I've, I've been, you know, kind of in Martec and in communications now for full time for 20 years.
And this is the first time in my 20 years on Earth that the average company can go out and
spend, you know, 20 bucks, 50 bucks, $100 a month and get similar level of technology that enterprise
companies can get. That's another part of, you know, kind of being in this compute sweet spot,
but also point number two on how the world will now be a simulation. Because now more and more
companies can start to use just in this example, Nvidia's Omniverse or, you know, other kind
of world simulators powered by AI to simulate everything, right? Hey, you guys wanted hot takes.
Here's what I think. I think simulations are going to get weird. I think they're going to get
weird, right? Right now, the example I gave of, all right, your company spending $50 million,
building a new production plant, that makes sense, right? That makes sense. Yeah, you want that
to be simulated with millions of simulations using, you know, in VDIA's data from, you know,
all of their systems, uploading all your data. But I think a lot of things are going to be
simulated, right? I could even see if you want to get super weird, I could see a time in
in the future.
I don't know if it's months or years away where I could simulate this exact podcast,
this exact live stream.
You know,
and I tell a system,
hey,
here's what my topic is.
Here's some of my bullet points.
And it's going to go ahead.
It's going to run millions of simulations.
Oh,
what if you go down this route?
What if you go down this route?
Here's how your audience is going to react to all these different things based on all
the data that we have on you,
your audience,
how they respond to certain content,
et cetera.
When you tap into these powerful platforms like the Omniverse, they're not the only ones,
but if you bring your data and you are able to tap into literally a world of knowledge,
simulations are, I don't know if that's weird or extremely powerful or both,
but that's where I see things heading, right?

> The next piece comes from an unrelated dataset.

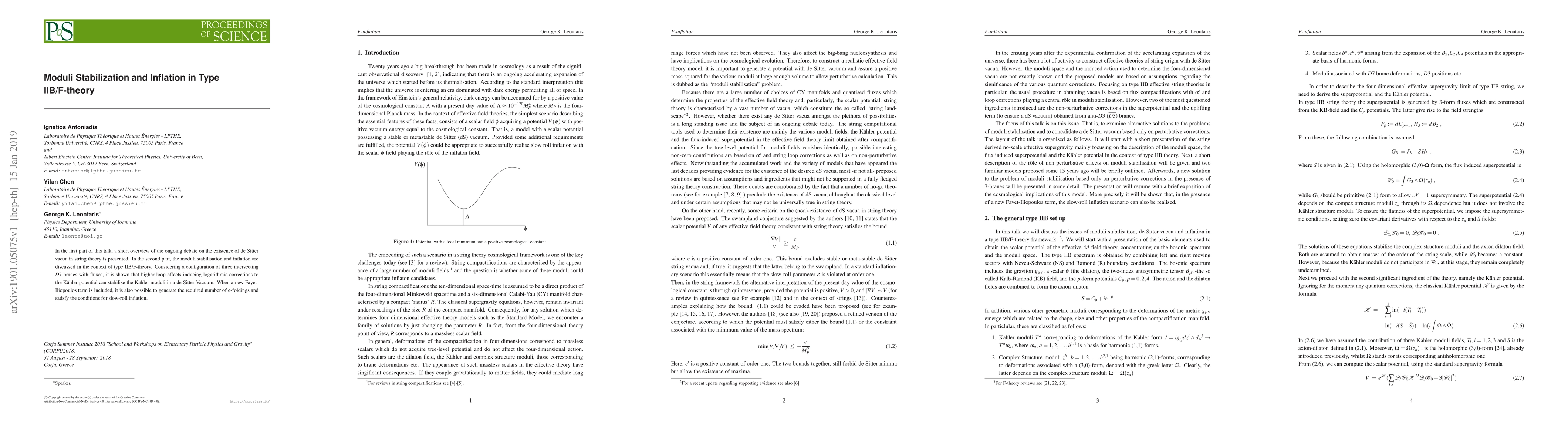 In the first part of this talk, a short overview of the ongoing debate on the existence of de Sitter vacua in string theory is presented. In the second part, the moduli stabilisation and inflation are discussed in the context of type IIB/F-theory. Considering a configuration of three intersecting $D7$ branes with fluxes, it is shown that higher loop effects inducing logarithmic corrections to the K\"ahler potential can stabilise the K\"ahler moduli in a de Sitter Vacuum. When a new Fayet-Iliopoulos term is included, it is also possible to generate the required number of e-foldings and satisfy the conditions for slow-roll inflation.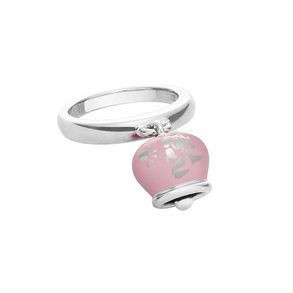 Chantecler anello con campanello pendente in argento con logo galletto e smalto rosa

Where every single I think in the future, every single product service that you interact with
has already been simulated, right, as a.
digital twin in the omniverse, in the metaverse, et cetera, where almost every single thing
that we interact with, cars we drive, the devices that we use, you know, the software we send
emails on.
I think everything will have already been simulated millions or billions of times already,
simple day-to-day interactions with products that we use all the time.
Hopefully what that means is more intuitive products and services.
better experiences in the real world.
That's the point of simulations.
That's the point of, as an example, the Omnifers.
But I do believe the world will be a simulation.
I think almost every single, you know, the clothes you wear, the shoes, you know, the new pair of Nike's that you go by, they will have been run through a, like a digital simulation millions or billions of times.
right, across different textures, you know, what happens if, you know, this person has a bigger
left foot than right foot?
What happens if, you know, they constantly go from wet to dry surfaces, right?
Like all of these products and services that we use every single day will have already
been simulated millions or billions of times.
Hopefully, like I said, hopefully that doesn't make it weird on our end, but it just makes
for better product services and experiences in the real world.
All right.
Yeah, hey, Earth 2.
Hey, great, great point, Juan.
Thanks for joining us live.
Yeah, Earth 2, that's a great point.
If you read some of my kind of insider takeaways from GTC, Earth 2, that's something that
NVIDIA announced as well, a literal Earth simulator, right?
So you can't look at me too weird and be like, all right, Jordan, this is weird if you say
the world will be a simulation.
Well, Jensen Wong talked about that, even at his keynote, some new updates to the Earth 2,
kind of their world simulator.
And they're trying to, you know, reduce climate change and to better predict extreme weather sooner.
I think literally every aspect of our daily lives will very soon have already been simulated.
Hey, I love this comment from Josh.
And hey, shout out to Josh.
Josh gave me like probably the funniest reply to a comment ever on LinkedIn.
But Josh just said this is like when Dr. Strange ran through millions of simulations to identify.
identify the reality that would defeat Thanos. Yes, exactly. Yeah, if you're a Avengers fan,
exactly that, you know, running through literally millions or billions of different scenarios to
give all of us, hopefully ideal business and personal outcomes. That is what AI-powered world
simulators mean to all of us. Hey, Tanya, I don't think I can get into this one. She said,
What about running simulations for potential marriages?
I'm sure it's already happening, right?
I'm very happy that I lucked out with mine.
So, yeah, but I'm sure I'm sure that's going to be a thing where, you know, people, yeah, are
simulating everything.
I'm sure that already exists, you know, simulating things in dating apps or matchmaking.
I'm sure that already exists.
But yes, everything is going to be simulated.
All right.
Last but not least, I know some of you listen, you know, when you're walking your dog or on an
exercise machine and you know, you might only have 35 minutes on that machine.
You can't listen to me forever.
So number three, invidia is creating humanoid and AGI.
So here's the thing.
They're definitely not, but they are.
Okay.
Let me tell you what that means.
Humanoids, all right?
Again, we talked with Emmett Goel, the director, Nvidia of robotics.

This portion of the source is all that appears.